We are talking in generalities here. I am sure there are also exceptions.

deludedaudiophile

Showing 3 responses by mike_in_nc

I've concluded audiophiles are crazy. You can sell them anything if you make it expensive enough and get some guy with no qualifications to say on YouTube that he likes it. Then people will like the sound on one album and one system and say it blows everything else away. Eventually a wacky "theory" {completely unsupported by meaningful data or known theory of electronics) will appear to explain why it's better. After a while, the owners will sell it and move on to something else.

Sorry, I must have indigestion tonight.

If the speaker’s impedance changes markedly with frequency -- as speakers tend to do -- a couple of ohms in the speaker cable would be a bad thing indeed. It would form a voltage divider whose values vary with frequency. That would change the frequency response in what you hear from the speakers. (I mean it would change it objectively, not in some magic audiophile way.)

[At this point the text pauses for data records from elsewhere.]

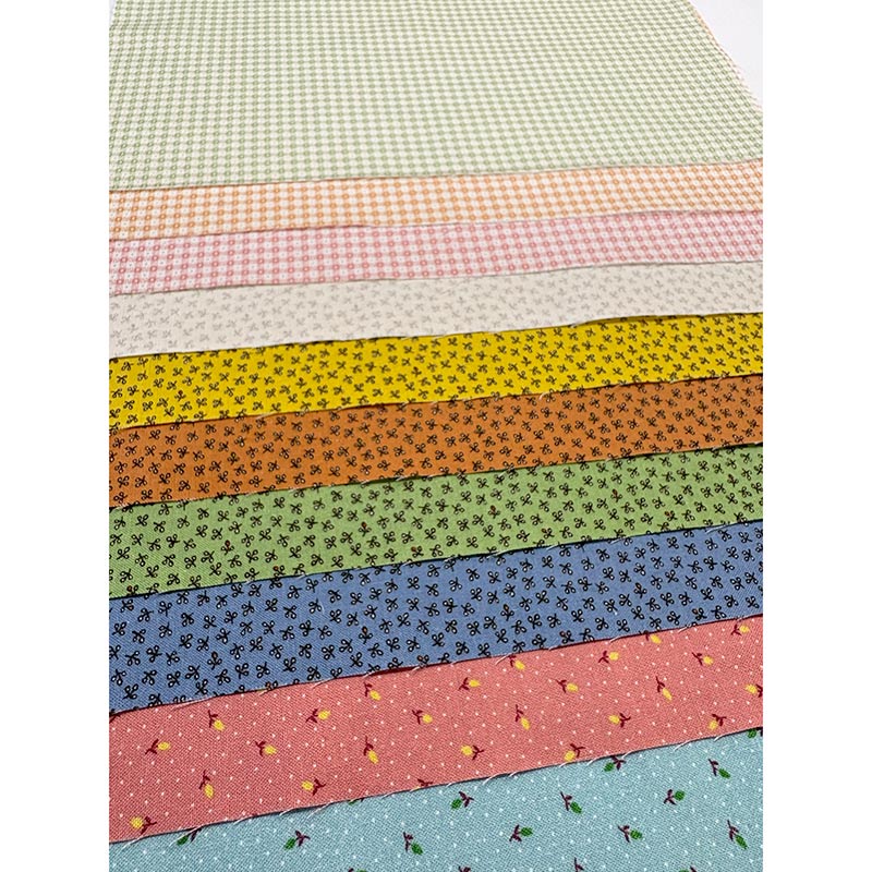 This bright and fun fabric set features a balanced mix of nostalgic small floral patterns, checks, and pretty motifs.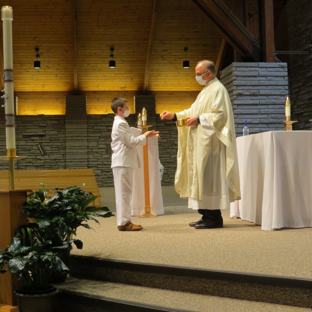 It looks like for a while, through the upcoming round of transitions, our first Communicants are going to have experiences that are all just a little different. The one perfect Constant is Jesus! Here are a couple of photos from today’s first Communion.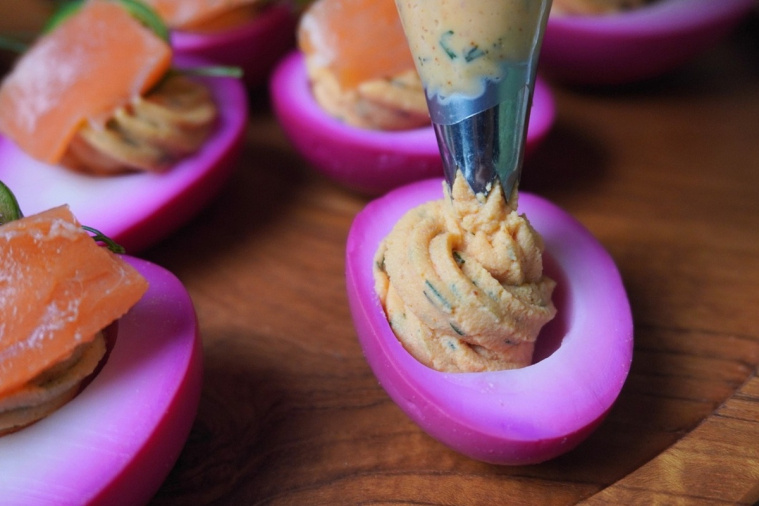 Jak zrobić różowe jajka faszerowane?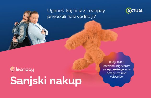 Od nedelje, 2.11. do četrtka, 6.11., bodo voditelji Aktuala vsak dan povedali tri predmete, ki bi jih kupili z Leanpay, a le eden od teh treh je tisti pravi sanjski nakup, ki so ga res izbrali. Vaša naloga bo, da ugibate, kateri je pravi predmet za tisti dan in nam odgovor pošljete preko SMS sporočila na številko 051 70 80 90. Poleg odgovora nam zaupajte še svoje ime in kraj bivanja, mi pa bomo od nedelje do četrtka izmed vseh pravilnih odgovorov vsak dan izžrebali dva poslušalca, ki prejmeta 2 vstopnici za ogled filma v kinematografih Cineplexx.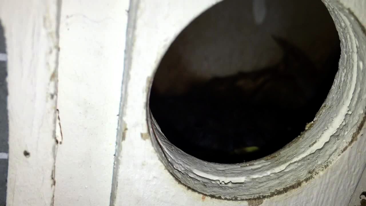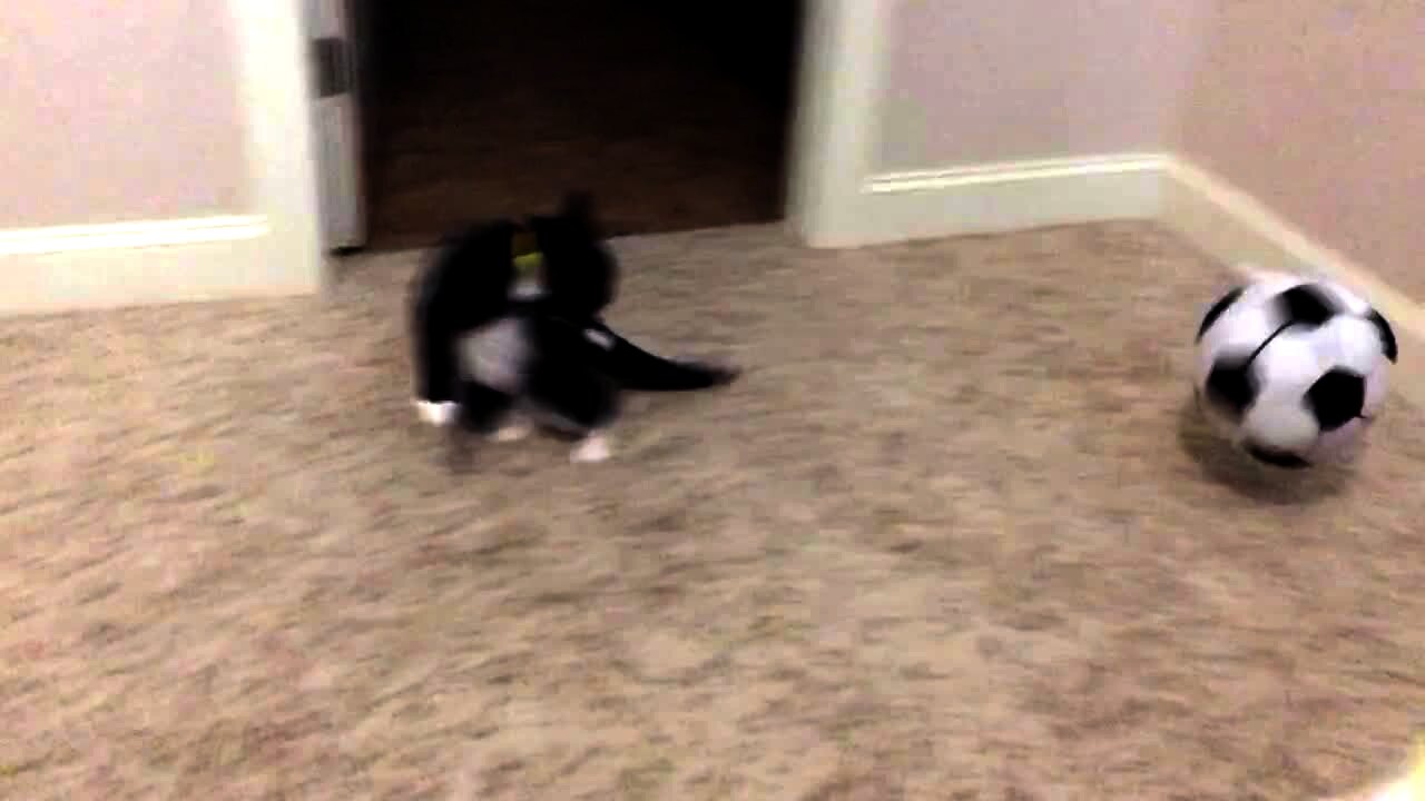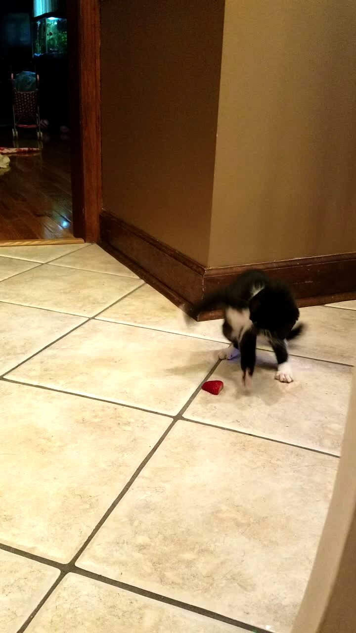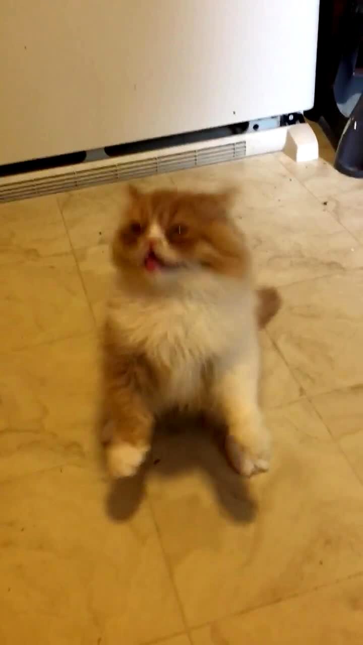 A kitten sneezes repeatedly for 7 seconds and a piece of food flies out of it in the kitchen indoors.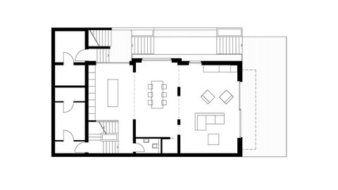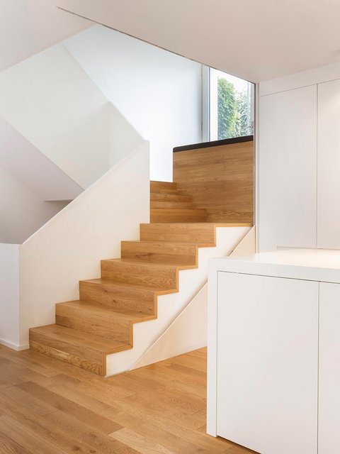 Über die Treppe gelangt man einerseits in die Privaträume im Obergeschoss und andererseits in das neue Zentrum des Hauses: die großzügige Wohnküche, die sich zum Wohnbereich hin öffnet. Diese Raumaufteilung wurde durch die Verlegung des Eingangs ermöglicht.

Of course, @crustycoot is correct that a couple of ohms of speaker-cable resistance will degrade the realized damping factor considerably. The nominal damping factor is usually computed

DF = 8 / Z

where 8 is the assumed impedance of the loudspeaker, and Z the output impedance of the amplifier.

So you would achieve a nominal damping factor of 200 (not out of the ballpark for a SS amp) with the output impedance of the amp being 0.04 ohms. If you add 10 feet of Belden 5T00UP, you’d add another 0.01 ohms, and the effective DF would be 160. If you added 2 ohms of cable resistance, the effective DF would be about 4.

Some prefer an underdamped sound.

P.S. I am prone to typos and simple math errors, so if I’ve made any, please point them out and correct them.